Given information:
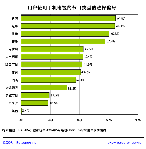iReserach艾瑞市場咨詢《2007年手機電視研究報告》研究結(jié)果顯示,手機終端價格將是影響用戶使用手機電視業(yè)務的首要驅(qū)動因素,其次是手機電視服務資費標準。另外研究數(shù)據(jù)發(fā)現(xiàn),手機用戶希望在手機電視上看到的內(nèi)容類別情況:新聞、電影、娛樂和音樂是用戶首要選擇的電視節(jié)目類型,用戶的提及率均在60%以上,另外用戶希望能夠通過手機看電視劇、天氣預報、綜合節(jié)目和體育等節(jié)目類型。由此發(fā)現(xiàn),新聞、娛樂和生活類資訊是用戶期望手機電視節(jié)目的重要類型。
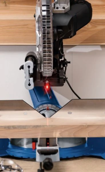- Eingebauter Laser für präzise Schnitte entlang der angezeigten Schnittkante
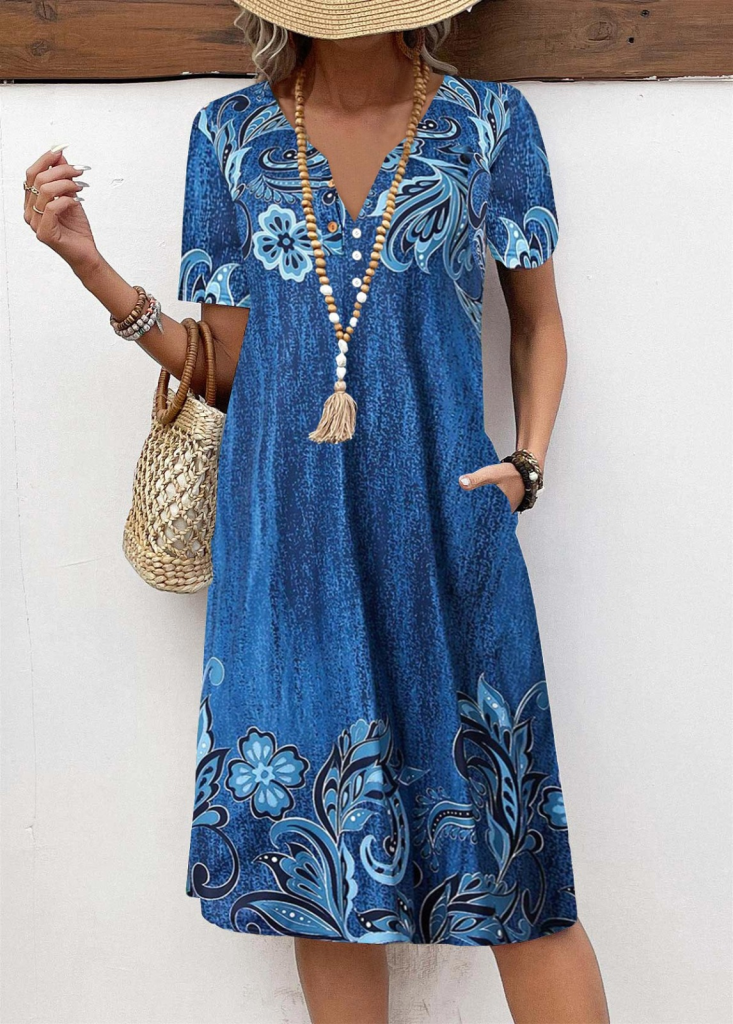 Kadın Kısa Kollu V Yakalı çiçek Baskılı Midi Süprem Elbise
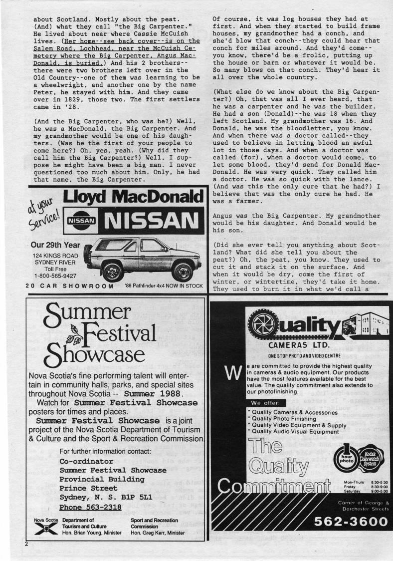 Published by Ronald Caplan on 1988/6/1 (418 reads)about Scotland. Mostly about the peat. (And) what they call "the Big Carpenter." He lived about near where Cassie McCuish lives. (Her home--see back cover--is on the Salem Road. Lochhead. near the McCuish Ce? metery where the Big Carpenter. Angus Mac? Donald. is buried.) And his 2 brothers-- there were two brothers left over in the Old Country--one of them was learning to be a wheelwright, and another one by the name Peter, he stayed with him. And they came over in 1829, those two. The first settlers came in '28. (And the Big Carpenter, who was he?) Well, he was a MacDonald, the Big Carpenter. And my grandmother would be one of his daugh? ters. (Was he the first of your people to come here?) Oh, yes, yeah. (Why did they call him the Big Carpenter?) Well, I sup? pose he might have been a big man. I never questioned too much about him. Only, he had that name, the Big Carpenter. Ltoyd MacDonald 'NISSAN Our 29th Year 124 KINGS ROAD SYDNEY RIVER Toll Free 1-800-565-9427 20 CAR SHOWROOM '88 Pathfinder 4x4 NOW IN STOCK Of course, it was log houses they had at first. And when they started to build frame houses, my grandmother had a conch, and she'd blow that conch--they could hear that conch for miles around. And they'd come-- you know, there'd be a frolic, putting up the house or barn or whatever it would be. So many blows on that conch. They'd hear it all over the whole country. (What else do we know about the Big Carpen? ter?) Oh, that was all I ever heard, that he was a carpenter and he was the builder. He had a son (Donald)--he was 18 when they left Scotland. My grandmother was 16. And Donald, he was the bloodletter, you know. And when there was a doctor called--they used to believe in letting blood an awful lot in those days. And when a doctor was called (for), when a doctor would come, to let some blood, they'd send for Donald Mac? Donald. He was very quick. They called him a doctor. He was so quick with the lance. (And was this the only cure that he had?) I believe that was the only cure he had. He was a farmer. Angus was the Big Carpenter. My grandmother would be his daughter. And Donald would be his son. (Did she ever tell you anything about Scot? land? What did she tell you about the peat?) Oh, the peat, you know. They used to cut it and stack it on the surface. And when it would be dry, come the first of winter, or wintertime, they'd take it home. They used to burn it in what we'd call a gummer 'pestival 'hov'case Nova Scotia's fine performing talent will enter? tain in community halls, parks, and special sites throughout Nova Scotia - Summer 1988. Watch for Siammer Festival Showcase posters for times and places. Simimer Festival Showcase is a joint project of the Nova Scotia Department of Tourism & Culture and the Sport & Recreation Commission For further information contact: Co-ordinator Summer Festival Showcase Provincial Building Prince Street Sydney, N. S. BIP 5L1 Phpng $$3-2319 Nova Scotia Department of ''taj'*' Tourism and Culture ,'''''h. Hon. Brian Young, Minister Sport and Recreation Commission Hon. Greg Kerr, Minister

What is expected: Please keep every line of the data the same when you reproduce it, and keep every picture out.

Solution:
iReserach艾瑞市場咨詢《2007年手機電視研究報告》研究結(jié)果顯示,手機終端價格將是影響用戶使用手機電視業(yè)務的首要驅(qū)動因素,其次是手機電視服務資費標準。另外研究數(shù)據(jù)發(fā)現(xiàn),手機用戶希望在手機電視上看到的內(nèi)容類別情況:新聞、電影、娛樂和音樂是用戶首要選擇的電視節(jié)目類型,用戶的提及率均在60%以上,另外用戶希望能夠通過手機看電視劇、天氣預報、綜合節(jié)目和體育等節(jié)目類型。由此發(fā)現(xiàn),新聞、娛樂和生活類資訊是用戶期望手機電視節(jié)目的重要類型。
- Eingebauter Laser für präzise Schnitte entlang der angezeigten Schnittkante
 Kadın Kısa Kollu V Yakalı çiçek Baskılı Midi Süprem Elbise
 Published by Ronald Caplan on 1988/6/1 (418 reads)about Scotland. Mostly about the peat. (And) what they call "the Big Carpenter." He lived about near where Cassie McCuish lives. (Her home--see back cover--is on the Salem Road. Lochhead. near the McCuish Ce? metery where the Big Carpenter. Angus Mac? Donald. is buried.) And his 2 brothers-- there were two brothers left over in the Old Country--one of them was learning to be a wheelwright, and another one by the name Peter, he stayed with him. And they came over in 1829, those two. The first settlers came in '28. (And the Big Carpenter, who was he?) Well, he was a MacDonald, the Big Carpenter. And my grandmother would be one of his daugh? ters. (Was he the first of your people to come here?) Oh, yes, yeah. (Why did they call him the Big Carpenter?) Well, I sup? pose he might have been a big man. I never questioned too much about him. Only, he had that name, the Big Carpenter. Ltoyd MacDonald 'NISSAN Our 29th Year 124 KINGS ROAD SYDNEY RIVER Toll Free 1-800-565-9427 20 CAR SHOWROOM '88 Pathfinder 4x4 NOW IN STOCK Of course, it was log houses they had at first. And when they started to build frame houses, my grandmother had a conch, and she'd blow that conch--they could hear that conch for miles around. And they'd come-- you know, there'd be a frolic, putting up the house or barn or whatever it would be. So many blows on that conch. They'd hear it all over the whole country. (What else do we know about the Big Carpen? ter?) Oh, that was all I ever heard, that he was a carpenter and he was the builder. He had a son (Donald)--he was 18 when they left Scotland. My grandmother was 16. And Donald, he was the bloodletter, you know. And when there was a doctor called--they used to believe in letting blood an awful lot in those days. And when a doctor was called (for), when a doctor would come, to let some blood, they'd send for Donald Mac? Donald. He was very quick. They called him a doctor. He was so quick with the lance. (And was this the only cure that he had?) I believe that was the only cure he had. He was a farmer. Angus was the Big Carpenter. My grandmother would be his daughter. And Donald would be his son. (Did she ever tell you anything about Scot? land? What did she tell you about the peat?) Oh, the peat, you know. They used to cut it and stack it on the surface. And when it would be dry, come the first of winter, or wintertime, they'd take it home. They used to burn it in what we'd call a gummer 'pestival 'hov'case Nova Scotia's fine performing talent will enter? tain in community halls, parks, and special sites throughout Nova Scotia - Summer 1988. Watch for Siammer Festival Showcase posters for times and places. Simimer Festival Showcase is a joint project of the Nova Scotia Department of Tourism & Culture and the Sport & Recreation Commission For further information contact: Co-ordinator Summer Festival Showcase Provincial Building Prince Street Sydney, N. S. BIP 5L1 Phpng $$3-2319 Nova Scotia Department of ''taj'*' Tourism and Culture ,'''''h. Hon. Brian Young, Minister Sport and Recreation Commission Hon. Greg Kerr, Minister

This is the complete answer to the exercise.